All of the data below should be printed again exactly, pictures excluded.

- **Input data**
BEGIN
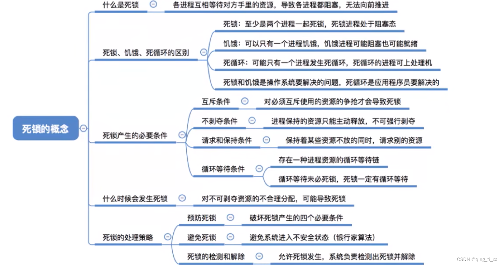 注意:发生死锁时一定有循环等待,但是循环等待不一定会产生死锁。
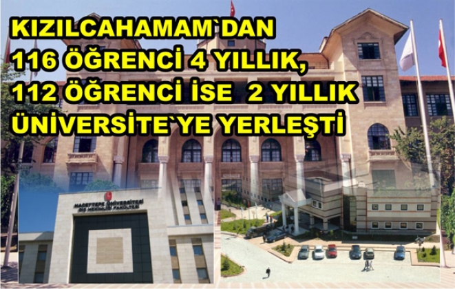 Kızılcahamam’dan LYS’ye giren öğrencilerin yapmış oldukları tercih sonuçlarına göre 228 öğrenci üniversiteye yerleşti. İlçemizden Toplamada 437 öğrencinin üniversite sınavına girdiği belirtilerek 4 yıllık ve 2 yıllık kazanan öğrencilerimizin başarı seviyesi ne göre yapılan araştırmamızda;
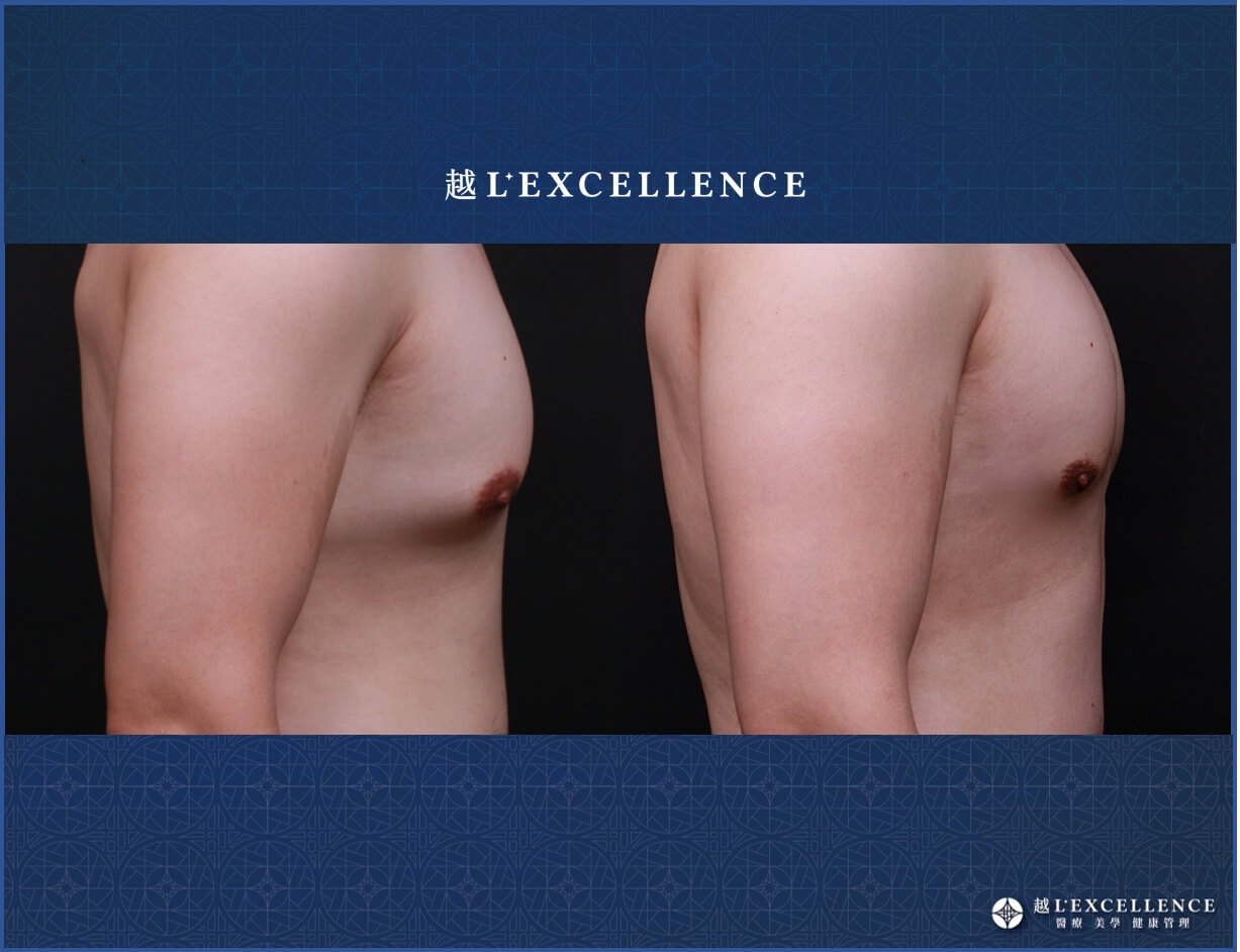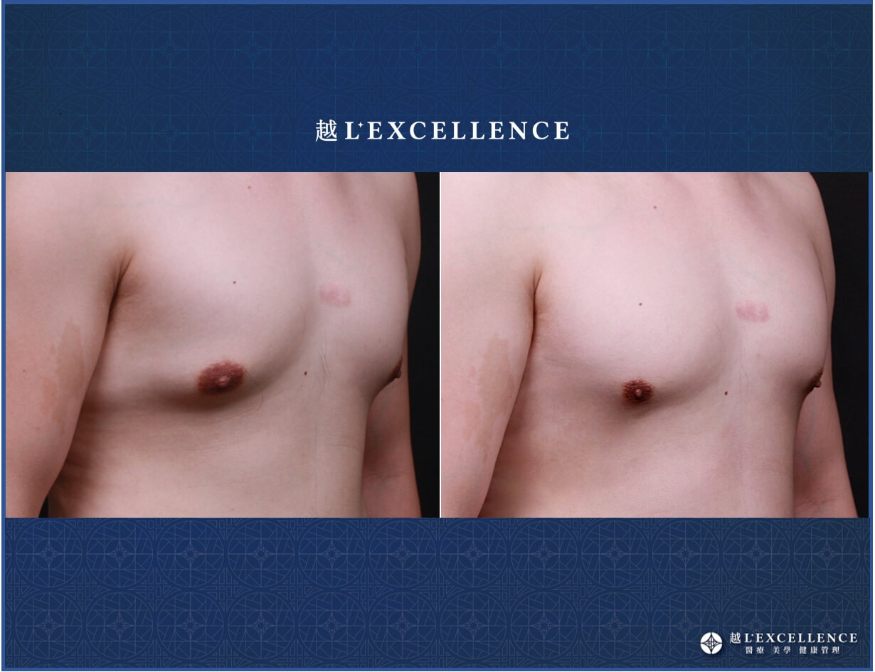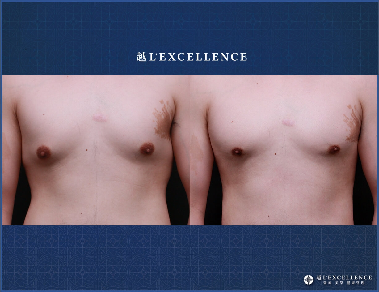 此案例為男性女乳症治療者,透過長期健身運動後,依舊無法完整改善乳暈四周隆起的乳房組織,藉由抽補脂術,將胸部下緣多餘脂肪組織抽除後,再將脂肪補回上胸,雕塑男性胸肌細條感。抽脂傷口為乳暈下緣1公分寬度,術後不易被發現。
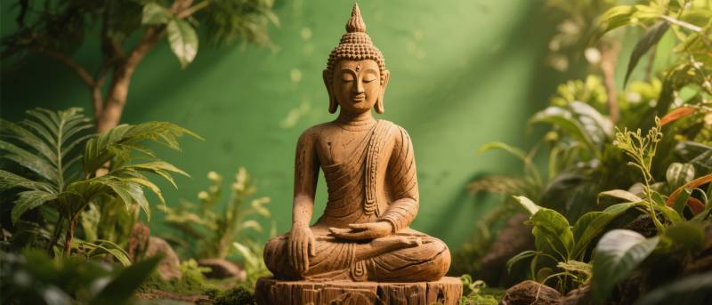禅意佛像静坐绿植中
END
- **Written response**
 注意:发生死锁时一定有循环等待,但是循环等待不一定会产生死锁。
 Kızılcahamam’dan LYS’ye giren öğrencilerin yapmış oldukları tercih sonuçlarına göre 228 öğrenci üniversiteye yerleşti. İlçemizden Toplamada 437 öğrencinin üniversite sınavına girdiği belirtilerek 4 yıllık ve 2 yıllık kazanan öğrencilerimizin başarı seviyesi ne göre yapılan araştırmamızda;
 此案例為男性女乳症治療者,透過長期健身運動後,依舊無法完整改善乳暈四周隆起的乳房組織,藉由抽補脂術,將胸部下緣多餘脂肪組織抽除後,再將脂肪補回上胸,雕塑男性胸肌細條感。抽脂傷口為乳暈下緣1公分寬度,術後不易被發現。
禅意佛像静坐绿植中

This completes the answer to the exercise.